A nation of shopkeepers
This phrase is a description of England with rather negative connotations, suggesting that the inhabitants are small-minded. Surely not?
Be that as it may, is it true these days? Wandering along the high street of our local village, as I do from time to time, there is very little in the way of what I would call real shops. Yes, we have charity shops, hairdressers, nail bars, betting shops, cafes, estate agents, and solicitors but what may be termed as a real retail experience is limited to a supermarket and a newsagent. I’m sure the Frimley retail experience is replicated the country over.
Of course, this sad state of affairs, the consequence of the development of mega-superstores, on-line retailing and ever rising rates, was not always thus. Casting my mind back no more than twenty years ago, the high street had a wide range of shops. The heydays of small, specialist retail shops, though, is to be found earlier, reaching its acme in the 19th century and first half of the 20th century. Then a reverse in the fortunes of small shops set in, one, I’m afraid, is unlikely to be reversed.
I had originally thought that our phrase was originated by Napoleon Bonaparte but it just shows how wrong I can be.

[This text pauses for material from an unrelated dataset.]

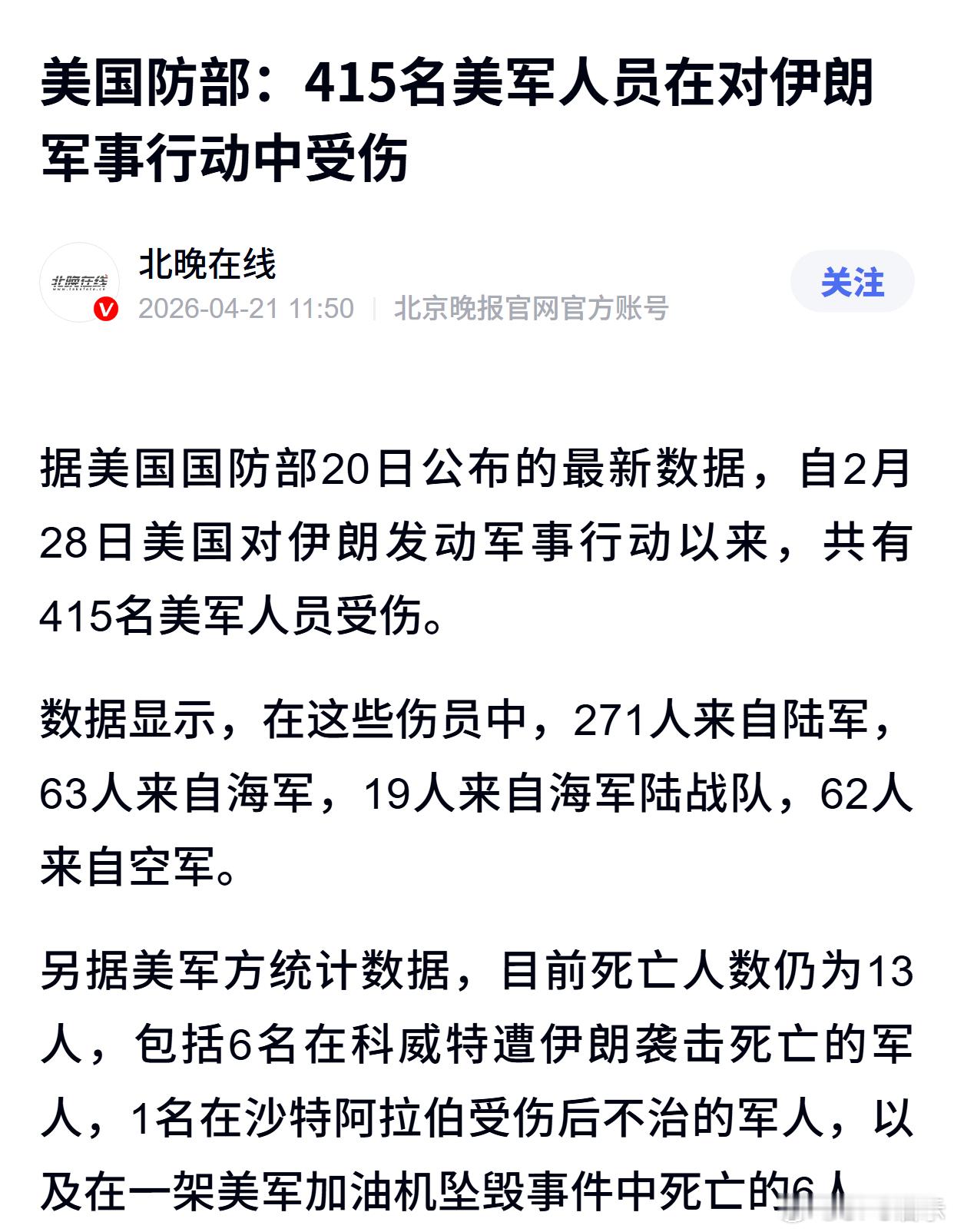 美国防部:415名美军人员在对伊朗军事行动中受伤

The plaudits, if that is what the remark deserves, belong to Josiah Tucker and Adam Smith.
Welshman Tucker was the Dean of Gloucester who, as well as attending to his religious duties, was a prolific pamphleteer, holding strong anti-American sentiments and hostile to Methodism, as well as being a supporter of free trade. In 1766, he wrote, “and what is true of a shopkeeper is true of a shopkeeping nation.” Interestingly, he is thought to have had a profound influence on the development of Adam Smith’s economic and political thought.
The Navigation Acts of 1651 gave a monopoly to merchants and shopkeepers in England over the produce that came from its colonies. Half way through his influential book, The Wealth of Nations, the Scottish economist, Adam Smith, focused his guns on the Acts, writing “to found a great empire for the sole purpose of raising up a people of customers may at first sight appear a project fit only for a nation of shopkeepers. It is, however, a project altogether unfit for a nation of shopkeepers; but extremely fit for a nation whose government is influenced by shopkeepers.”
The phrase was born, although its sense is hardly pejorative. This is where the French came in, possibly.
A View of Universal History by John Adams, published in 1794, attributes to the French revolutionary, Bertrand Barere de Viuezac, in a speech to the National Convention on June 11, 1794, the phrase “let Pitt then boast of his victory to his nation of shopkeepers.” Whether Napoleon, who was more of an army man than a politician at the time, was at the meeting to hear Barere is far from clear. Barry Edward O’Meara, Napoleon’s surgeon while he was in exile in St Helena, though attributes his patient as saying, “you were greatly offended with me for having called you a nation of shopkeepers.”
If O’Meara’s testimony is to be relied upon, it suggests that Boney did call England a nation of shopkeepers, that he did so earlier than his exile, that the English got to hear of it, and were miffed. But there is no other attestation that Napoleon uttered the phrase, “une nation de boutiquiers.”
Perhaps betraying the little English attitude that one Frenchman looks very much like another and that Napoleon was more (in)famous than Barrere, the insult was attributed to Boney, despite attempts to set the record straight. The Morning Post of May 28, 1832 was one such, fulminating that “This complimentary term, for so we must consider it, as applied to a Nation which has derived its principal prosperity from its commercial greatness, has been erroneously attributed, from time to time, to all the leading Revolutionists of France. To our astonishment we now find it applied exclusively to Bonaparte. Than this nothing can be further from the fact.” They ascribed its pejorative use to Barrere.
But, hey, never let the truth get in the way of a good story.